Kalra Gagan, Cetin Hasan, Whitney Jon, Yordi Sari, Cakir Yavuz, McConville Conor, Whitmore Victoria, Bonnay Michelle, Lunasco Leina, Sassine Antoine, Borisiak Kevin, Cohen Daniel, Reese Jamie, Srivastava Sunil K, Ehlers Justis P
Tony and Leona Campane Center for Excellence in Image-Guided Surgery and Advanced Imaging Research, Cole Eye Institute, Cleveland Clinic, Cleveland, OH 44195, USA.
J Pers Med. 2022 Dec 24;13(1):37. doi: 10.3390/jpm13010037.
The current study describes the development and assessment of innovative, machine learning (ML)-based approaches for automated detection and pixel-accurate measurements of regions with geographic atrophy (GA) in late-stage age-related macular degeneration (AMD) using optical coherence tomography systems. 900 OCT volumes, 100266 B-scans, and OCT images from 341 non-exudative AMD patients with or without GA were included in this study from both Cirrus (Zeiss) and Spectralis (Heidelberg) OCT systems.
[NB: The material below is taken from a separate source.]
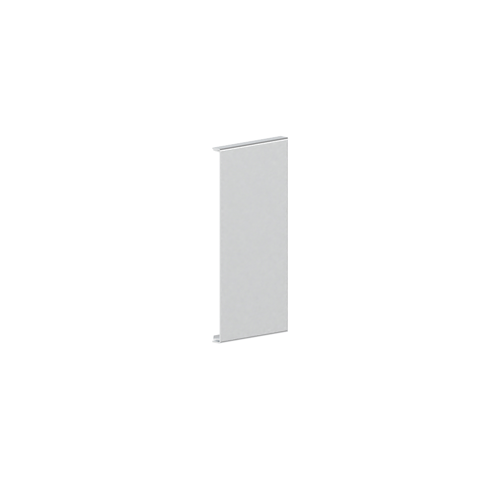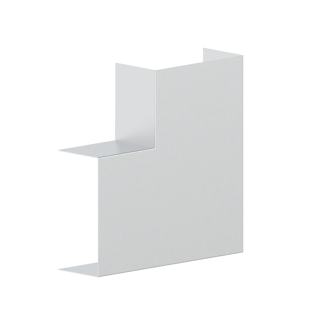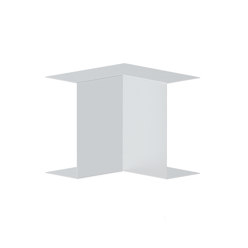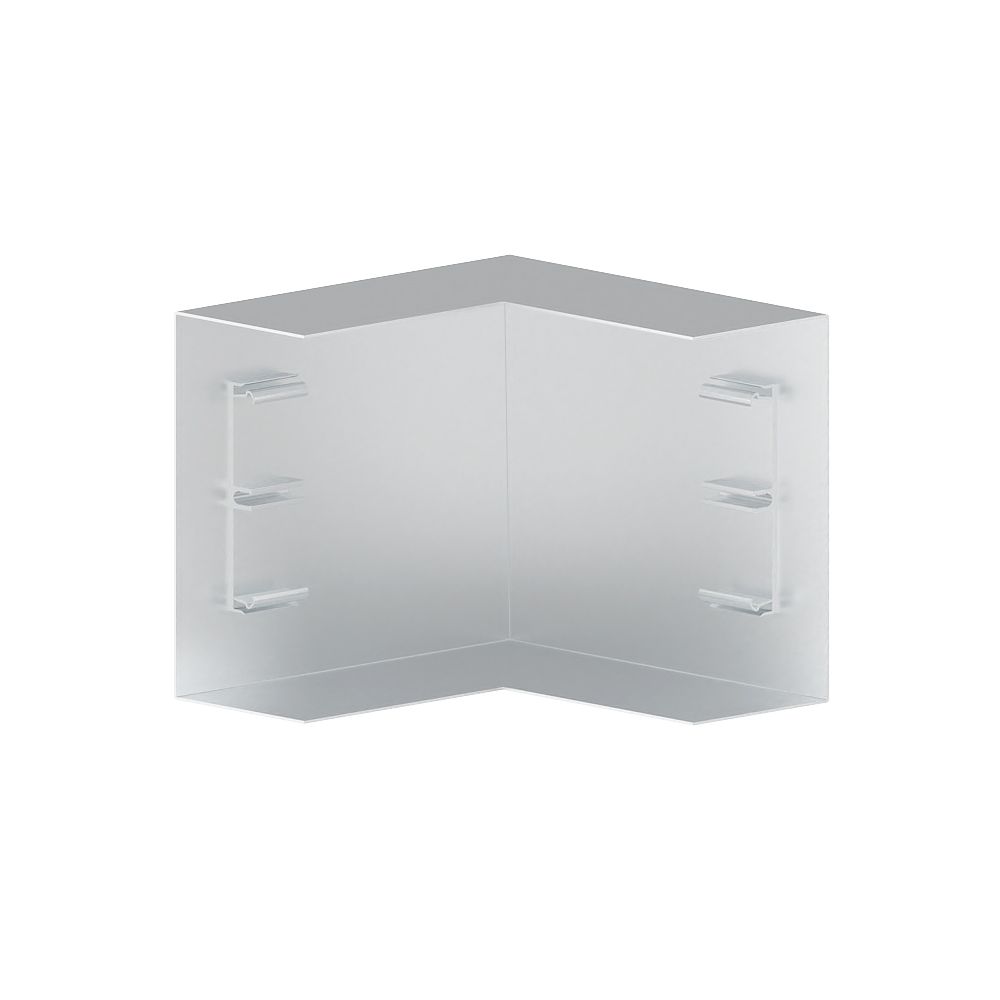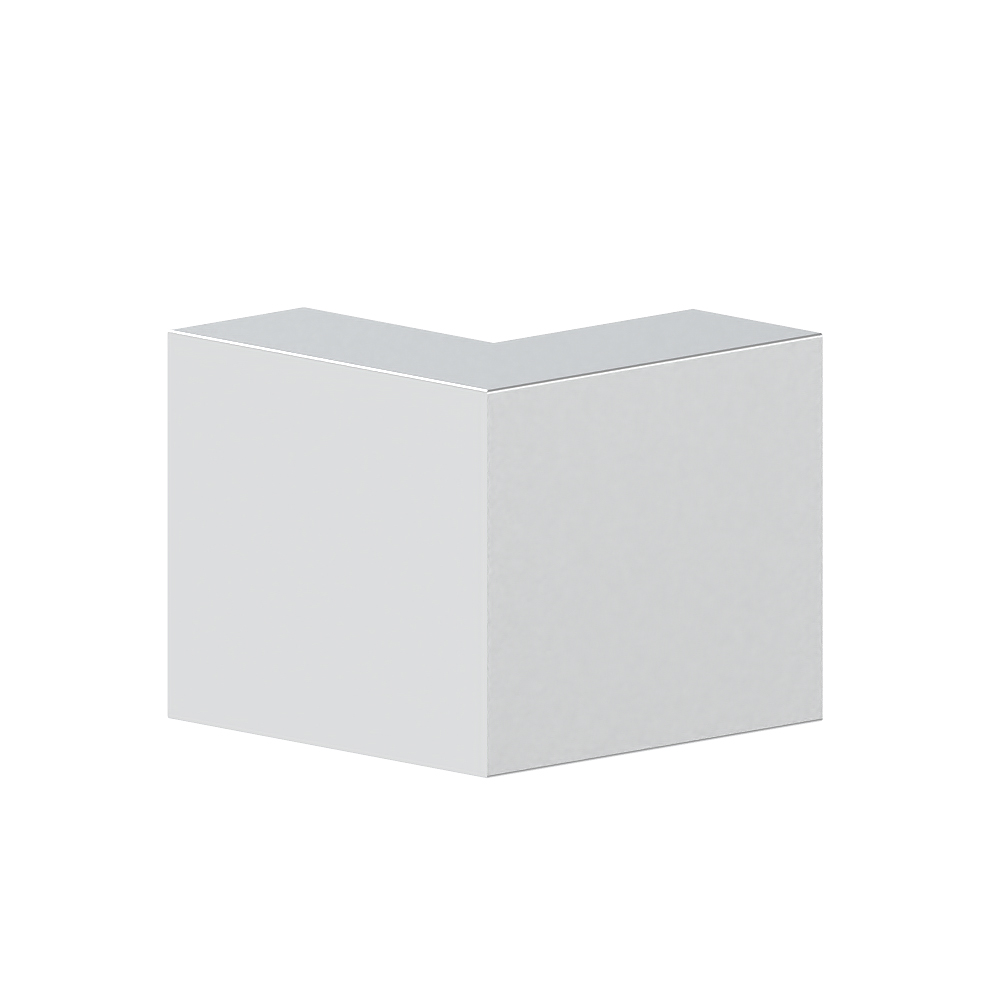 Outer corner as cut-covering moulded hood for aluminium wall trunking, for routing cables around wall projections, with pre-assembled cover for plugging into the bases, side length 150 mm.

B-scan and level ground truth GA masks were created on OCT B-scan where the segmented ellipsoid zone (EZ) line, retinal pigment epithelium (RPE) line, and bruchs membrane (BM) line overlapped. Two deep learning-based approaches, B-scan level and level, were trained. The OCT B-scan model had detection accuracy of 91% and GA area measurement accuracy of 94%. The OCT model had detection accuracy of 82% and GA area measurement accuracy of 96% with primary target of hypertransmission on OCT. Accuracy was good for both devices tested (92-97%). Automated lesion size stratification for CAM cRORA definition of 250um minimum lesion size was feasible. High-performance models for automatic detection and segmentation of GA area were achieved using OCT systems and deep learning. The automatic measurements showed high correlation with the ground truth. The model excelled at identification of hypertransmission defects. The models performance generalized well across device types tested. Future development will include integration of both models to enhance feature detection across GA lesions as well as isolating hypertransmission defects without GA for pre-GA biomarker extraction.
本研究描述了基于机器学习(ML)的创新方法的开发与评估,该方法利用光学相干断层扫描系统对晚期年龄相关性黄斑变性(AMD)中的地理萎缩(GA)区域进行自动检测和像素精确测量。本研究纳入了来自Cirrus(蔡司)和Spectralis(海德堡)OCT系统的341例有或无GA的非渗出性AMD患者的900个OCT容积、100266次B扫描和OCT图像。在OCT B扫描上创建B扫描和水平地面真值GA掩码,其中分割的椭圆体区(EZ)线、视网膜色素上皮(RPE)线和布鲁赫膜(BM)线重叠。训练了两种基于深度学习的方法,即B扫描水平和水平。OCT B扫描模型的检测准确率为91%,GA面积测量准确率为94%。OCT模型的检测准确率为82%,GA面积测量准确率为96%,主要目标是OCT上的高透射率。两种测试设备的准确率都很高(92 - 97%)。对于CAM cRORA定义的最小病变大小为250um的自动病变大小分层是可行的。使用OCT系统和深度学习实现了用于自动检测和分割GA区域的高性能模型。自动测量结果与地面真值显示出高度相关性。模型在识别高透射率缺陷方面表现出色。模型性能在测试的不同设备类型之间具有良好的通用性。未来的发展将包括整合这两种模型,以增强对GA病变的特征检测,以及分离无GA的高透射率缺陷以提取GA前生物标志物。